The Enchantress of Florence
Title | The Enchantress of Florence PDF eBook |
Author | Salman Rushdie |
Publisher | Knopf Canada |
Pages | 370 |
Release | 2009-02-24 |
Genre | Fiction |
ISBN | 0307371662 |
A tall, yellow-haired young European traveller calling himself “Mogor dell’Amore,” the Mughal of Love, arrives at the court of the real Grand Mughal, the Emperor Akbar, with a tale to tell that begins to obsess the whole imperial capital. The stranger claims to be the child of a lost Mughal princess, the youngest sister of Akbar’s grandfather Babar: Qara Köz, ‘Lady Black Eyes’, a great beauty believed to possess powers of enchantment and sorcery, who is taken captive first by an Uzbeg warlord, then by the Shah of Persia, and finally becomes the lover of a certain Argalia, a Florentine soldier of fortune, commander of the armies of the Ottoman Sultan. When Argalia returns home with his Mughal mistress the city is mesmerised by her presence, and much trouble ensues. The Enchantress of Florence is a love story and a mystery – the story of a woman attempting to command her own destiny in a man’s world. It brings together two cities that barely know each other – the hedonistic Mughal capital, in which the brilliant emperor wrestles daily with questions of belief, desire and the treachery of sons, and the equally sensual Florentine world of powerful courtesans, humanist philosophy and inhuman torture, where Argalia’s boyhood friend ‘il Machia’ – Niccolò Machiavelli – is learning, the hard way, about the true brutality of power. These two worlds, so far apart, turn out to be uncannily alike, and the enchantments of women hold sway over them both. But is Mogor’s story true? And if so, then what happened to the lost princess? And if he’s a liar, must he die?

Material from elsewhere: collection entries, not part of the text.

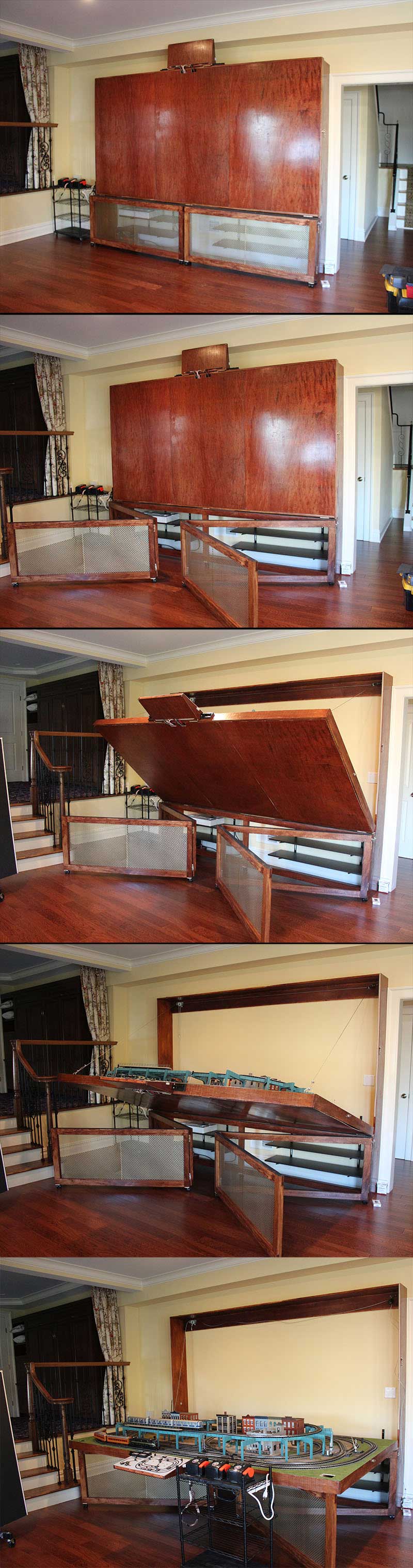 We needed to designed a whole new concept in train tables. What we came up with is a table that is lifted with an electric hoist onto a wall unit. The wall unit has depth of 12" that allows for 6.5" high elevated track and buildings that are about 10" high. The table legs are hinged to each other and the back of the table, they are on wheels and fold back when not in use. The whole unit extends 25.5" from the wall. To open the user extends the legs, lowers the table, releases the latches that secure it to the wall unit and then the table can be moved around.
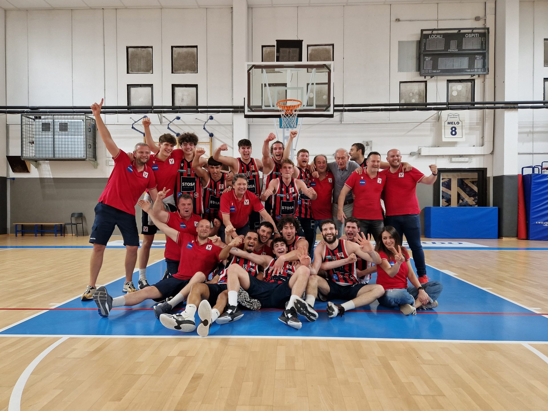 Il terzo quarto è ricco di parziali e controparziali: la Virtus scappa, Quarrata accorcia, la Stosa scappa ancora. Il palcoscenico nella terza frazione è tutto di Calvellini, che segna 5 punti in fila per chiudere il quarto sul 58-69. Nell’ultima frazione i rossoblu volano sulle ali dell’entusiasmo. Quarrata prova a reagire, ma a metà quarto la Stosa segna tre triple in fila che mandano al tappeto i padroni di casa. Finisce 66-88, la Virtus vince, chiude la serie e festeggia la promozione in serie B.
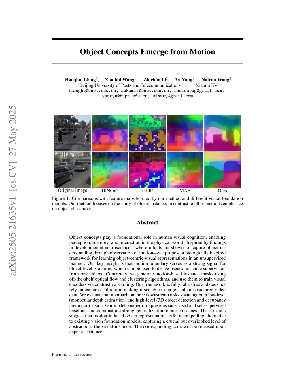 Object concepts play a foundational role in human visual cognition, enabling perception, memory, and interaction in the physical world. Inspired by findings in developmental neuroscience - where infants are shown to acquire object understanding through observation of motion - we propose a biologically inspired framework for learning object-centric visual representations in an unsupervised manner. Our key insight is that motion boundary serves as a strong signal for object-level grouping, which can be used to derive pseudo instance supervision from raw videos. Concretely, we generate motion-based instance masks using off-the-shelf optical flow and clustering algorithms, and use them to train visual encoders via contrastive learning. Our framework is fully label-free and does not rely on camera calibration, making it scalable to large-scale unstructured video data. We evaluate our approach on three downstream tasks spanning both low-level (monocular depth estimation) and high-level (3D object detection and occupancy prediction) vision. Our models outperform previous supervised and self-supervised baselines and demonstrate strong generalization to unseen scenes. These results suggest that motion-induced object representations offer a compelling alternative to existing vision foundation models, capturing a crucial but overlooked level of abstraction: the visual instance. The corresponding code will be released upon paper acceptance.
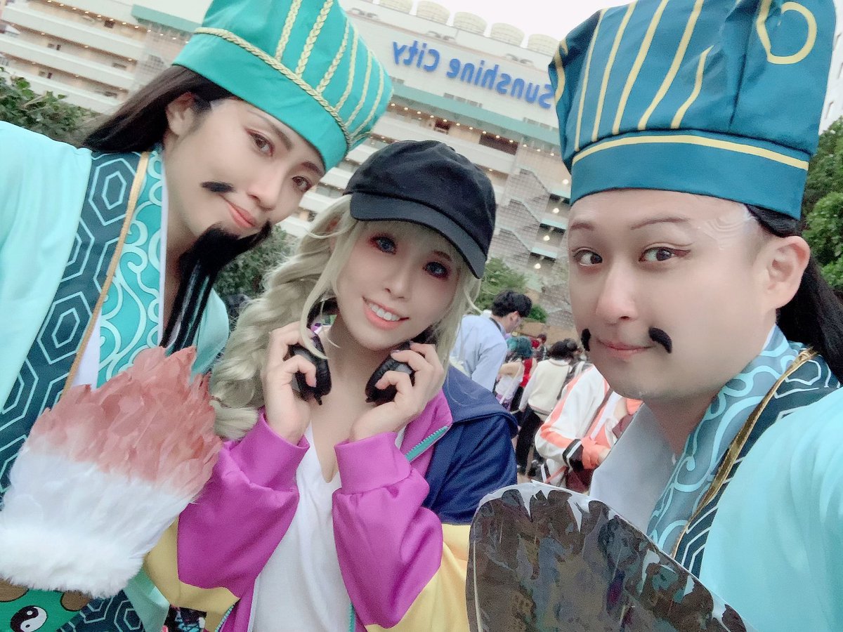 土曜日の池ハロ1日目はパリピ孔明やってました 古今東西、孔明に遭遇した人は皆『あ、孔明だ…』て言うの面白かったです 孔明:@rensk0 英子:たま 2、3枚目Photo:@doyoubino_nuco 4枚目Photo(右孔明):@j_entamecosplay #池袋ハロウィン2022 #池ハロ2022 #池ハロ #パリピ孔明 #珠子スプレphoto
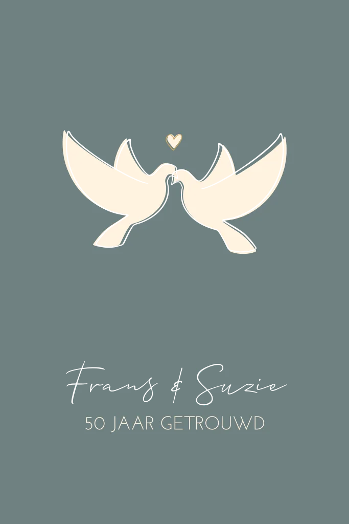 Romantische grijze jubileumkaart met twee witte duiven en een hartje erboven. De namen staan in goudfolie, voor een extra feestelijk effect, aan de binnenkant kan een eigen foto worden geplaatst, maak de kaart naar persoonlijke wens in de online editor.
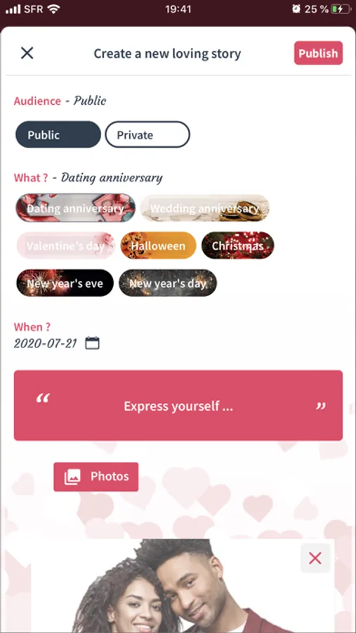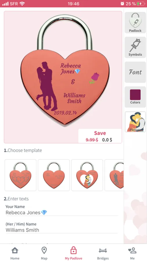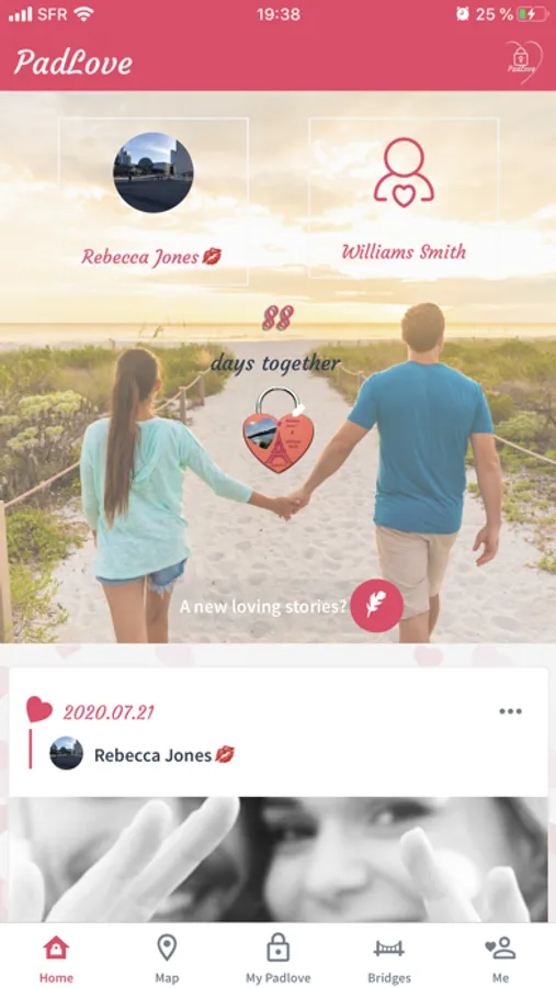 Create your love padlock, associate your lover and share your love stories with those who follow your couple.
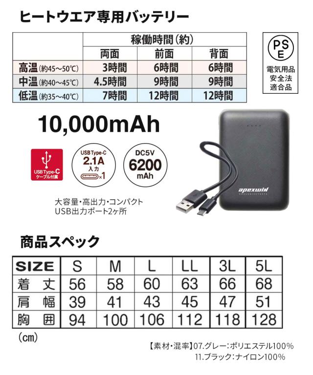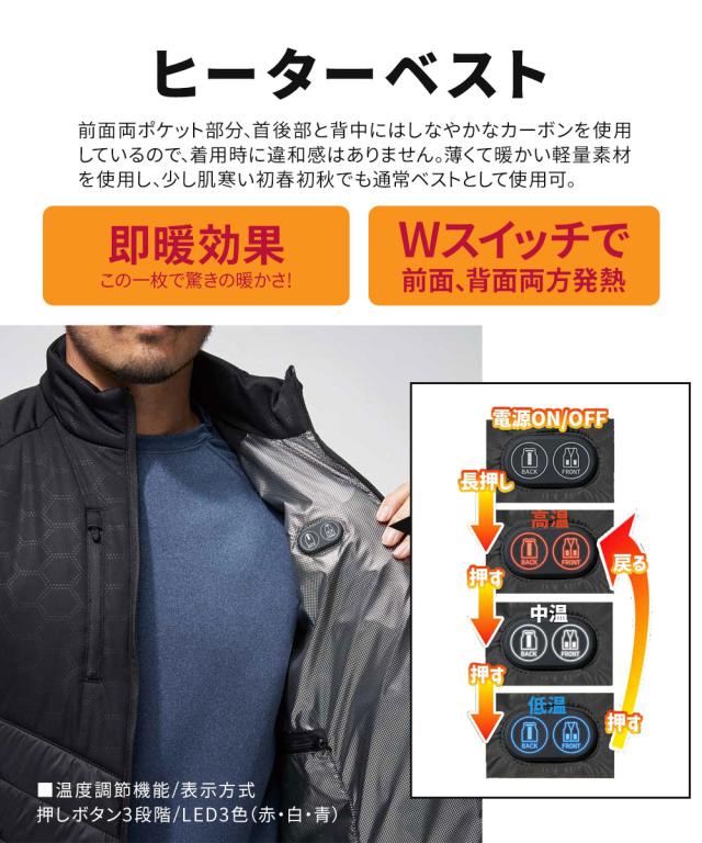 アタックベース 電熱ベスト バッテリー付き 電熱ジャケット ヒーター 電熱ベスト ヒーターベスト 加熱ベスト 電熱ウェア 秋冬 ヒートベスト 防寒着 usb加熱 バッテリーセット ヒーター付きベスト 充実機能 簡単操作 カーボンファイバー ブラック 黒 グレー 50000
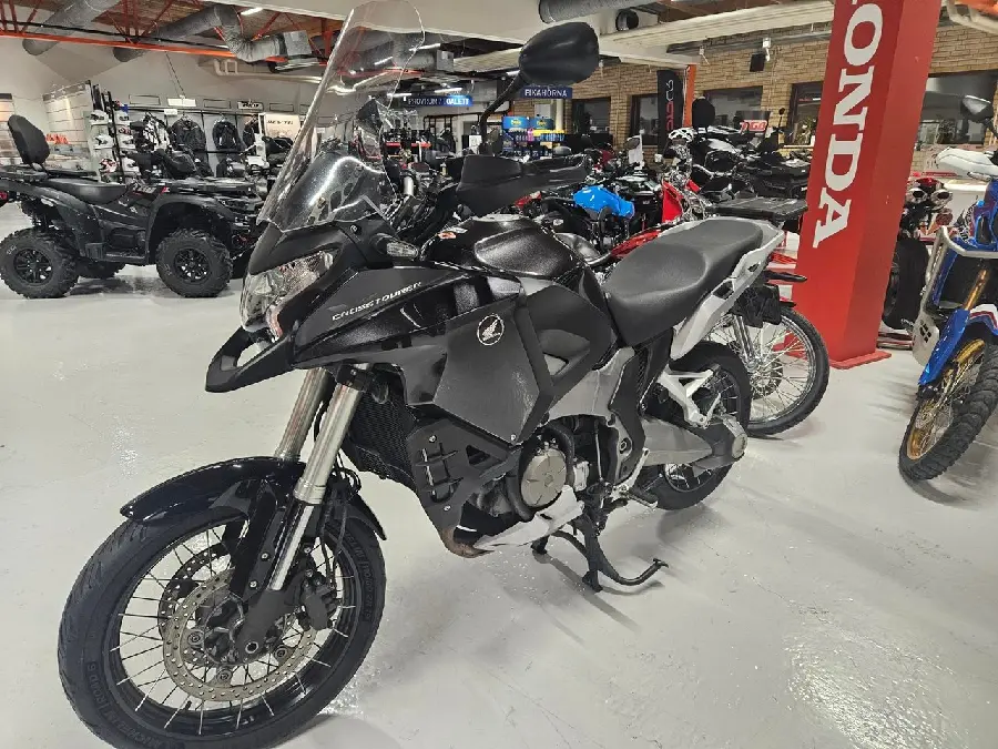 En VFR1200 i fint skick och nyligen gjord storservice, besiktigad 2025, däck ok, 12-volt uttag, väskor & toppbox, centralstöd, säljes åt kund, finans ordnas.
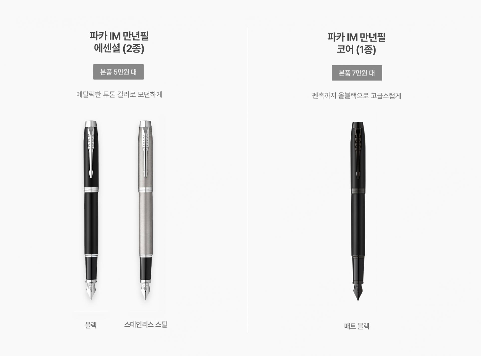 137년의 헤리티지가 느껴지는 IM 만년필을 에센셜과 코어 라인으로 만나보세요. 메탈릭한 2가지 컬러의 에센셜과 고급스러운 올블랙의 코어 중 선택할 수 있습니다. 세대를 넘어 이어진 신뢰를 담아 정품 인증 보증서를 함께 제공해드립니다.

Sameen Rushdie's Indian Cookery
Title | Sameen Rushdie's Indian Cookery PDF eBook |
Author | Sameen Rushdie |
Publisher | Picador |
Pages | 273 |
Release | 2018-05-29 |
Genre | Cooking |
ISBN | 1250162858 |
Drawing together the traditional recipes from different Indian cuisines, Sameen Rushdie’s invitation to share in the pleasures of Indian cookery is irresistible. In Hindustani a good cook is one that ‘has special taste in their hands’, and the author demonstrates her skill, knowledge and love of the food that is prepared and eaten in homes, bazaars and eating houses of the subcontinent. Bearing the needs of the modern cook firmly in mind, she explains her recipes in full, where the dishes originate, how to use spices, how to balance flavor, color and texture and offers suggestions for menus. Sameen offers a marvelous array of meat, poultry and fish dishes, together with vegetable creations which will give heart to cooks at the end of their vegetarian repertoire. She explains where to find fresh ingredients and how to store, prepare and use them, and makes it clear which recipes are most suitable for the end of a busy day. She takes up the cause of the potato with some sumptuous suggestions, describes the intrinsic part daals play in an Indian meal, gives tips for cooking chawal (rice) in pullao and biryani dishes and provides recipes for chapattis, parathas and pooris. There is an excellent introduction to spices; which explains their traditional groupings as well as their medicinal value, and a section on relishes, raitas and chutneys. Meethay—or sweet things—hold a special place in Indian cuisine and recipes for these from the elaborate to the simple are included. There is also a discussion of hot and cold drinks. Whatever your degree of experience in the kitchen, Sameen Rushdie offers not only clearly laid-out recipes, but a grasp of the actual thinking behind different cooking methods. Her menu plans and ideas about color, textures and flavors are a delight, and a meal prepared under engaging instruction will be a revelation to all who enjoy Indian cookery. Covering meat, poultry, and fish, as well as vegetables, chutneys, relishes and sweet dishes, Sameen Rushdie’s book will be a revelation to all those who enjoy Indian cookery.